Nun, dann sollte es erlaubt sein, die theoretischen Folgerungen in Frage zu stellen.

Savonlinna hat geschrieben:Aber "hypothetisch-theoretisch" kann man die Ergebnisse von texthistorischer Forschung nun auch nicht nennen. Das ist eine Abwertung, deren Berechtigung man eigentlich nachweisen müsste. Aber mir ist klar, dass das hier im Forum nicht geht.
Ja, dies würde hier wohl den Rahmen sprengen. Vielleicht zur meiner Verteidigung nur so viel: Bezüglich der Pentateuchforschung spricht der Exeget Prof. E. Zenger von einem unüberschaubaren "Spektrum der Hypothesenbildung". Gut, sie ist auch laut Zenger das "schwierigste und kontroverseste Feld der Exegese", dies ist sicher nicht analog zu den Evangelien. Aber ich denke, dass es auch da Thesen, Annahmen und verschiedene Theorien gibt.

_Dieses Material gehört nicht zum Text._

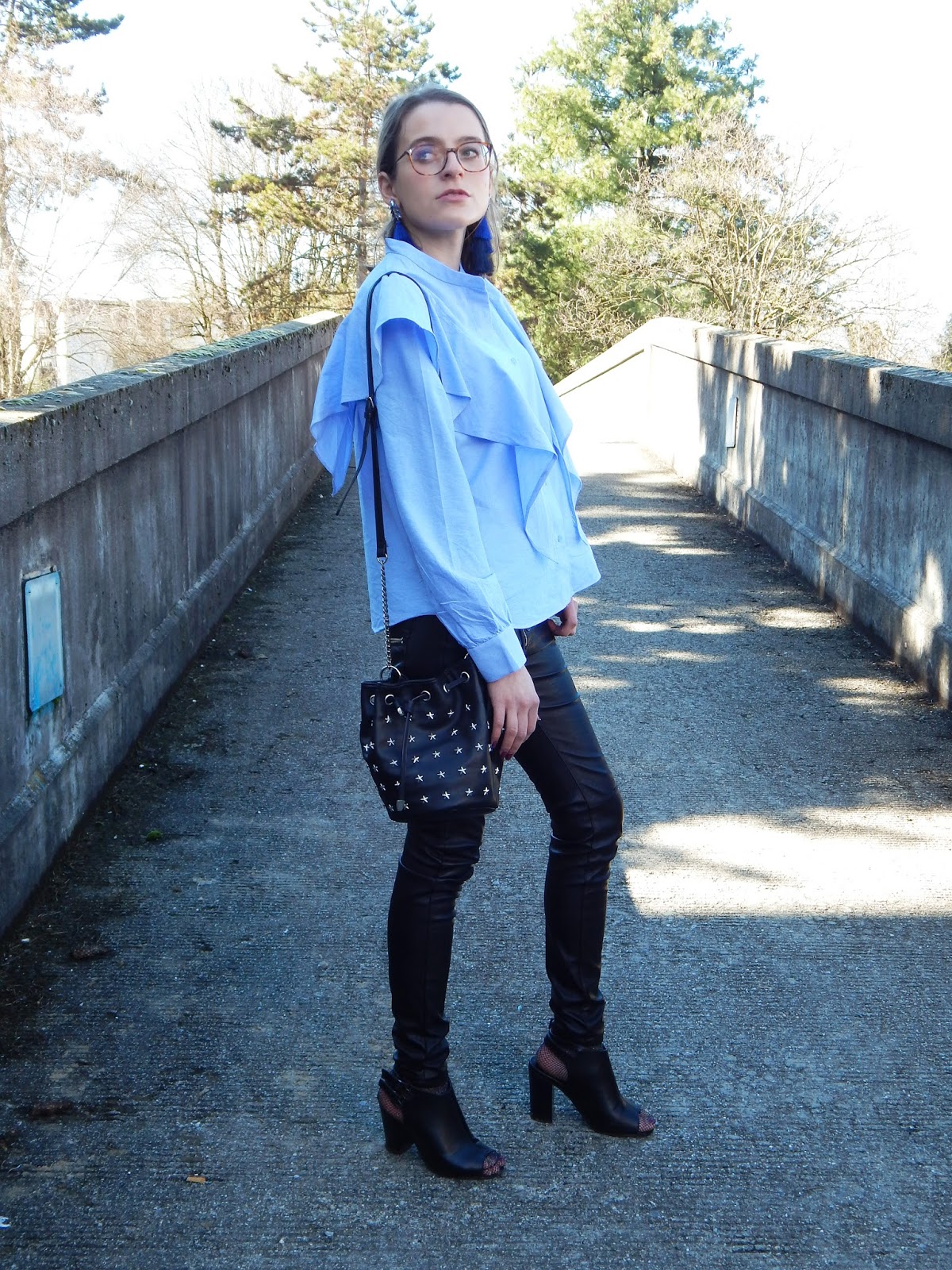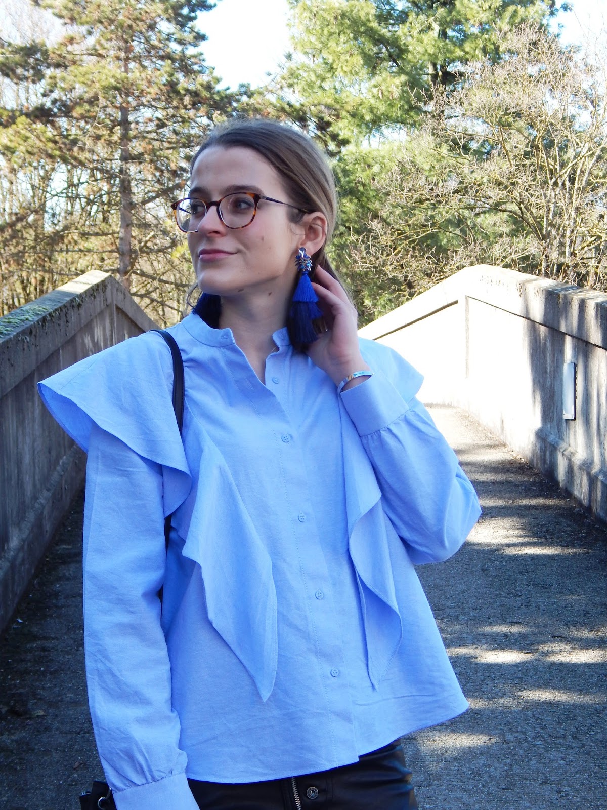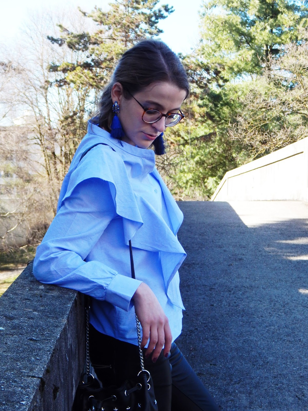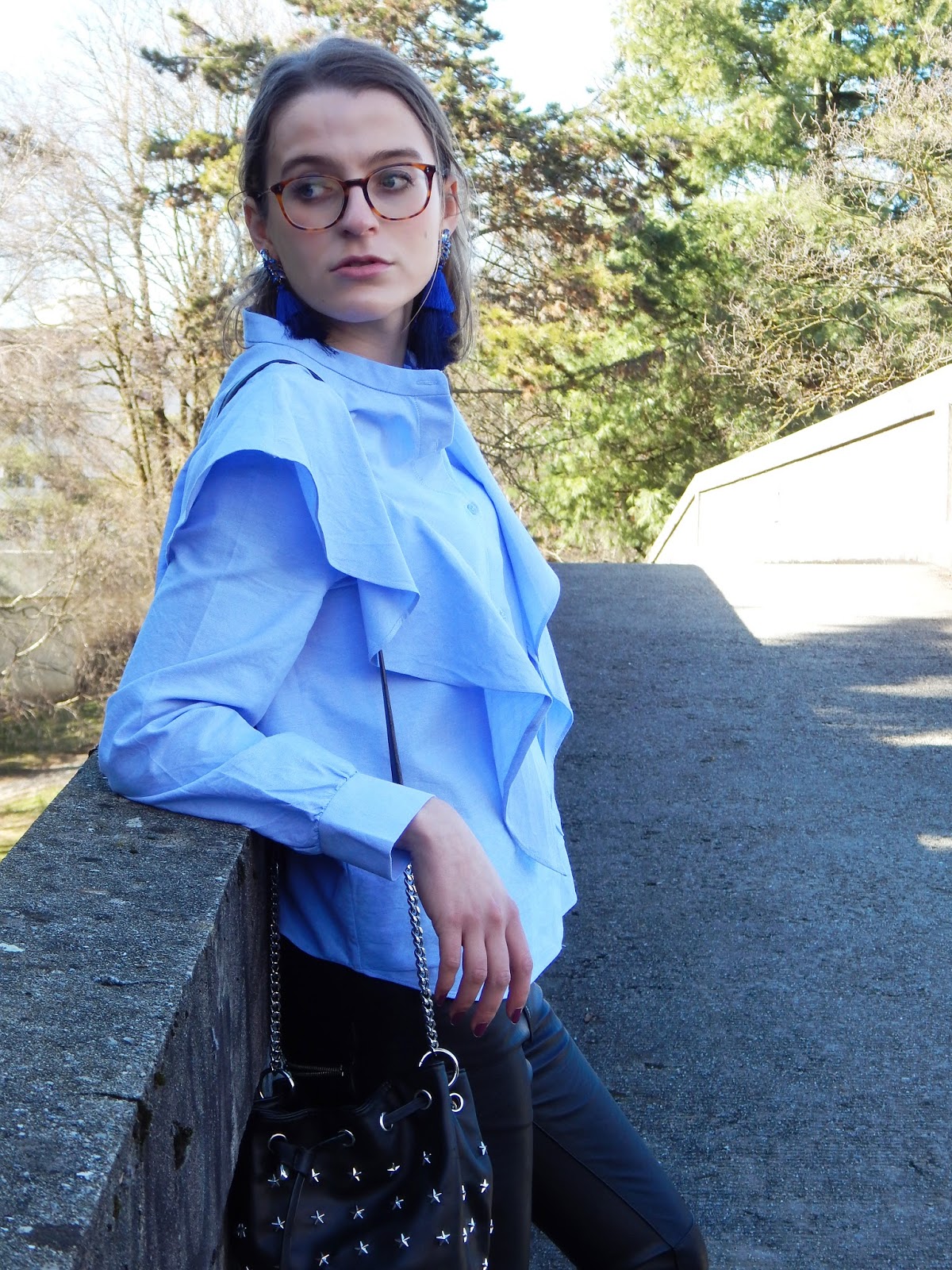 Une tenue avec des mélanges de style que j’ai volontairement souhaitée. En effet, cette chemise à froufrous & Other stories que je vous montrais dans ma vidéo Haul, est assez particulière et peut vite faire mémère. C’est pour ça que j’ai pensé à mon pantalon en similicuir pour aller avec, pour complètement casser ce côté. Je suis plutôt pas mal satisfaite du résultat. J’y ai ajouté ma nouvelle paire de boucles d’oreilles fantaisie de chez Stradivarius. J’ai fait une grosse razzia chez eux dernièrement niveau accessoires, et elles apportent vraiment LE truc en plus. Mes nouvelles petites chaussettes en genre de résille, mes bottines ajourées et voilà!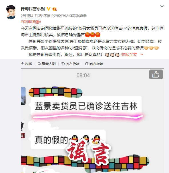 據(jù)吉林省樺甸市公安局永吉派出所民警劉剛 @樺甸民警小劉 5月19日消息,經向樺甸市衛(wèi)健部門核實,網(wǎng)傳“藍景賣貨員已確診送往吉林”系謠言。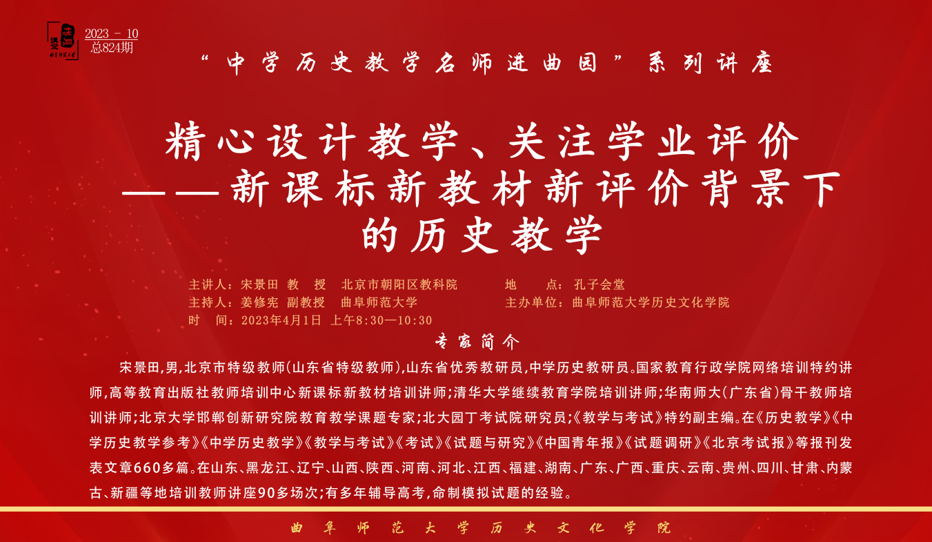 洙泗讲堂预告|宋景田:精心设计教学、关注学业评价——新课标新教材新评价背景下的历史教学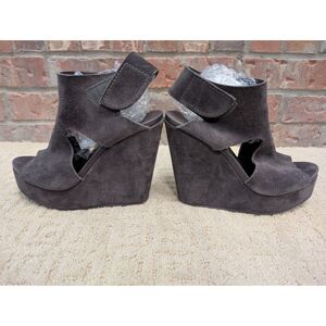 Pedro Garcia Wedge Sandals Women Size 38.5 EU 8.5 US Grey Suede Leather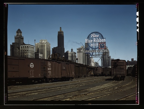 General view of part of the South Water Street freight depot of the Illinois Central Railroad, Chicago, Ill.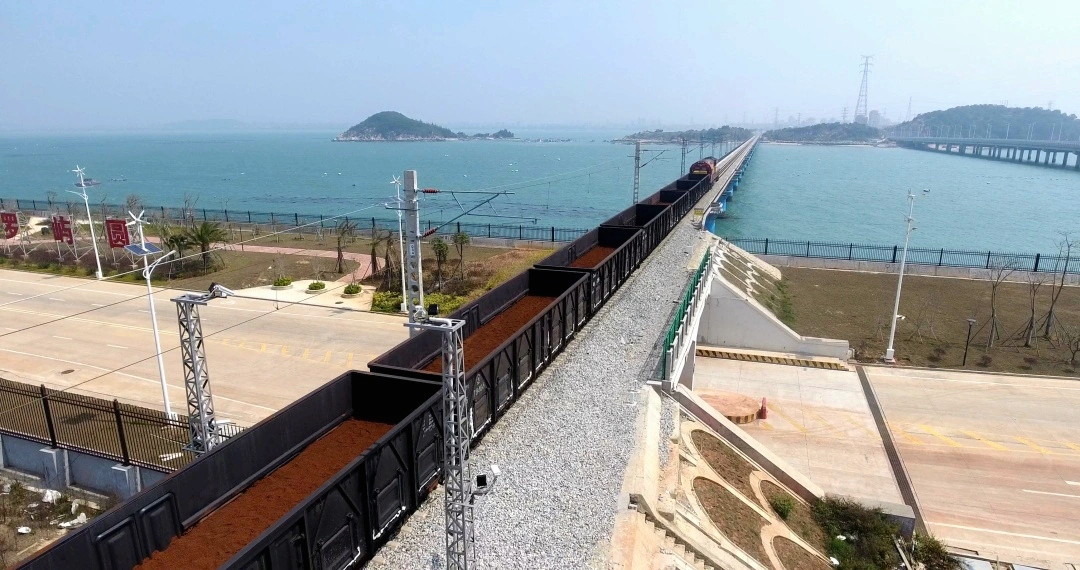 6月18日,满载进口铁矿石的“和谐”号火车沿着湄洲湾港口铁路罗屿支线缓缓驶出罗屿作业区,前往湖南。这是湄洲湾首次通过海铁联运方式向湖南地区提供铁矿石物流服务,标志着海铁联运业务正式延伸到湖南,实现了湄洲湾港大宗货物走江西进湖南的新突破。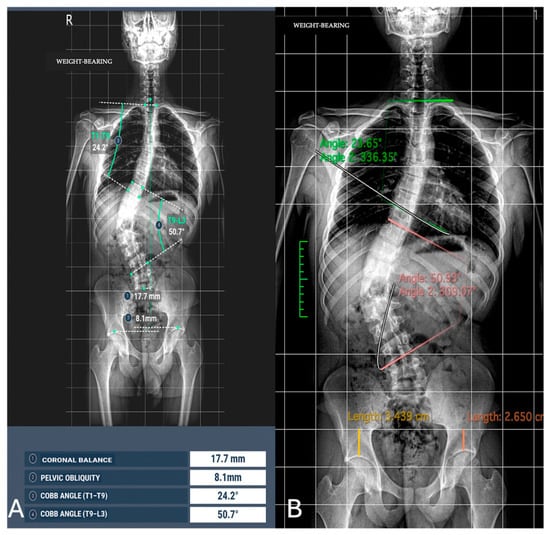 Image analysis of Cobb angle and pelvic obliquity in the same patients. (A) Automated measurements; (B) radiologist measurements.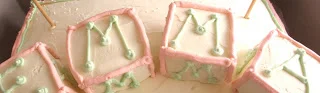 Baby blocks I made from crisped rice cereal treats and butter cream frosting.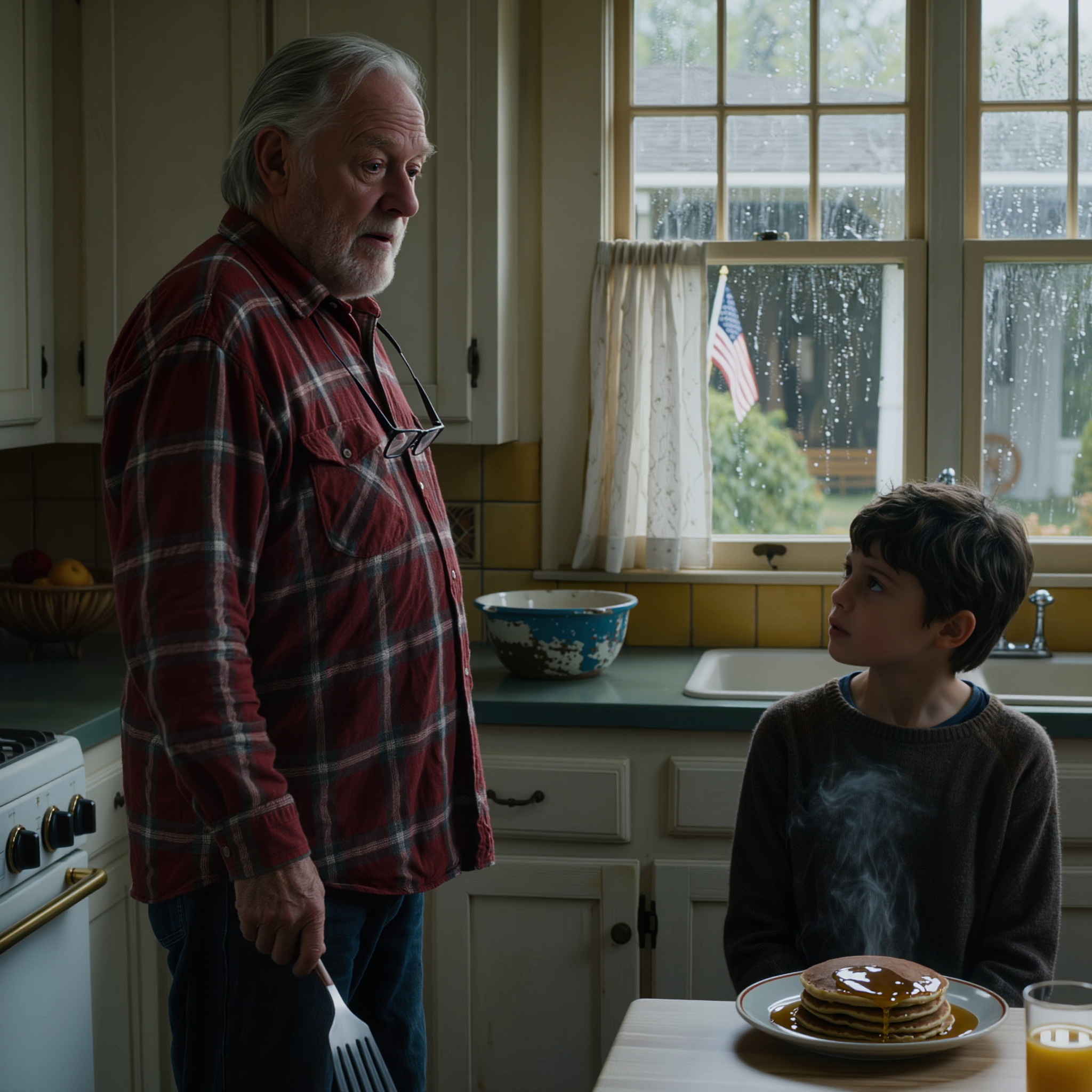 I set the plate in front of him the way I had done a thousand times for kids who visited my house when mine were young—three pancakes, butter melting down the sides, syrup in a generous amber pool, a fork placed on the right because some habits outlast the people who taught them.

Vor einiger Zeit las ich mal eine theologische Abhandlung zu 1Kor 11. Darin heißt es z.B.:
W. O. Walker Jr. 1983, 101-112 vertritt die These, ...
Wenn in Examen-Arbeiten von Zenger von Hyperthesenbildung und in theologischen Arbeiten von Thesen die Rede ist und ich mich ferner auf den Theologen und Neutestamentler Klaus Berger stütze, erlaube ich mir auch, von einem hypothetisch-theoretischem "Boden" zu sprechen.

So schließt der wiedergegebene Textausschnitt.